Clipper’s unique FMM architecture brings prices on-chain as fast as any off-chain market maker (in comparison to other DEXs). This macro trend in market structure should be a strong tailwind in increasing yields. It can avoid the toxic flow that other DEXs are exposed to while still serving the composable market, resulting in higher and higher yields relative to other DEXs.


There are many paths for Clipper to attract more TVL. Most will simply happen on their own, others will happen as market trends play out, and liquidity mining will be up to the community. Decentralized governance is in the driver’s seat. Hopefully. this post provides the context they need to make the best decisions for the protocol.

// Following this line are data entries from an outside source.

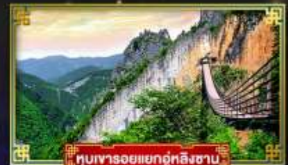
หุบเขารอยแยกอุทลิ่งซาน
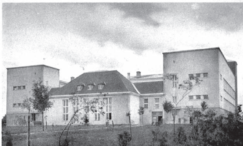
ЦДА. Gimnazjum Państwowe
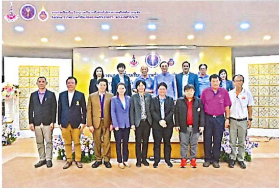
ภาพกิจกรรมที่ ๓ การแลกเปลี่ยนเรียนรู้ระหว่างเครือข่าย C-อพ.สธ.
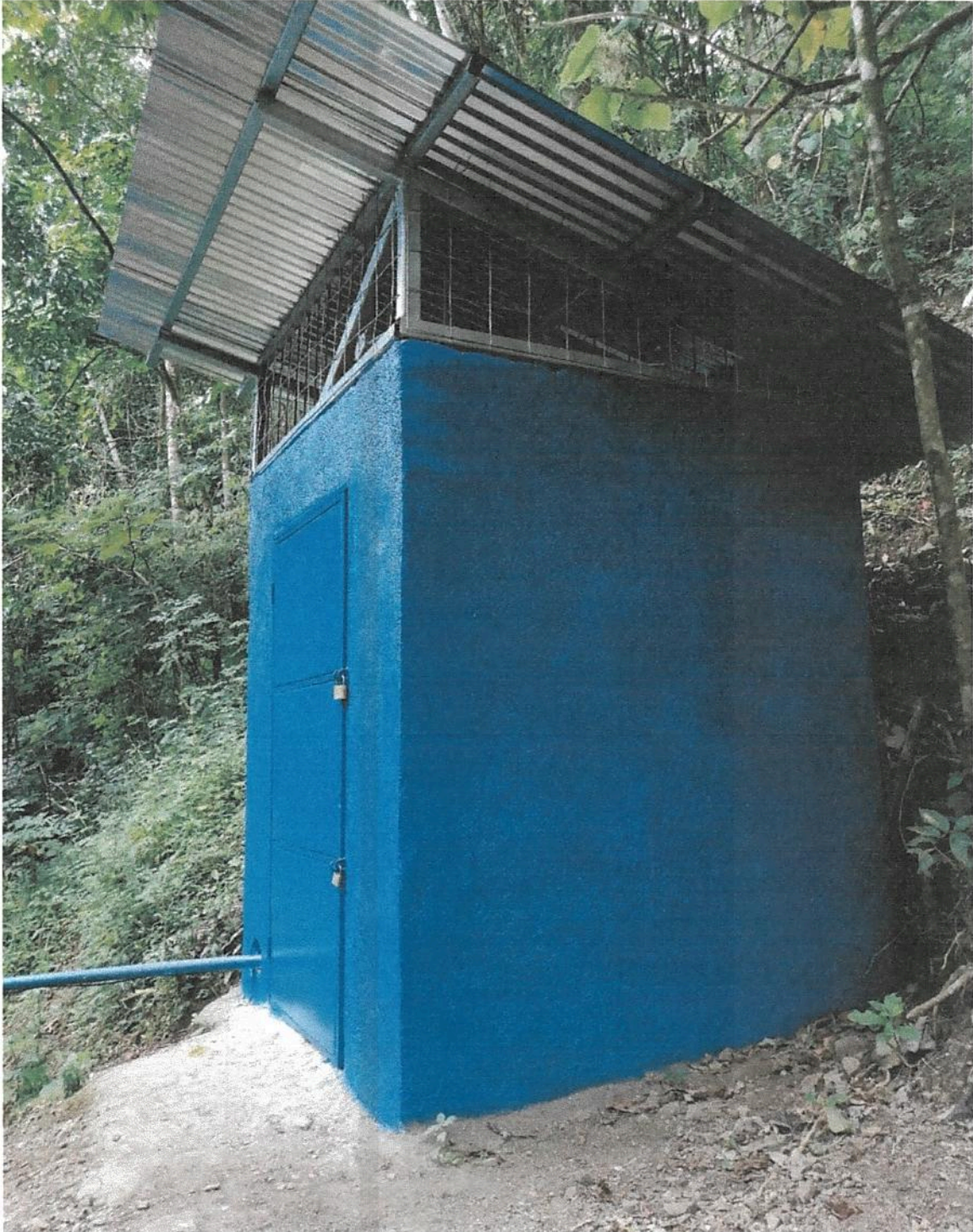
Fotografía 13. Obras de mejoramiento del Acueducto de Llano Bonito de León Cortés.

Informe final de ejecución de Obra del Proyecto de Mejoramiento Del Acueducto de Llano Bonito de León Cortés.
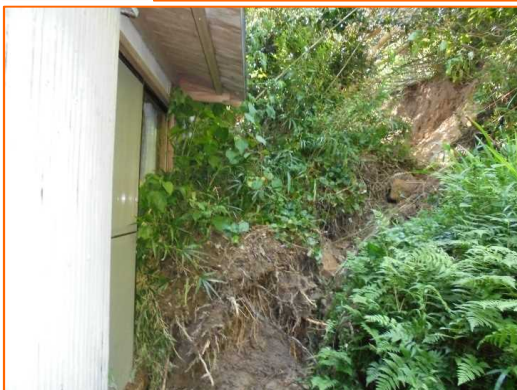
9/23 おかざきしこうりゆうじちようほんごう 愛知県岡崎市高隆寺町本郷

[1] For context, leverage can be a powerful tool when used responsibly. Namely, basic financial theory teaches that the optimal portfolio management strategy is not to invest in the highest-yielding assets, but rather to invest in the assets with the best risk-return ratio, and then use leverage to amplify the return (along with the risk) to meet the desired yield. This is actually more rational than investing in an asset with higher unlevered return but even higher unlevered risk. Put another way, you first find a portfolio on the efficient frontier and then lever it up to your desired return.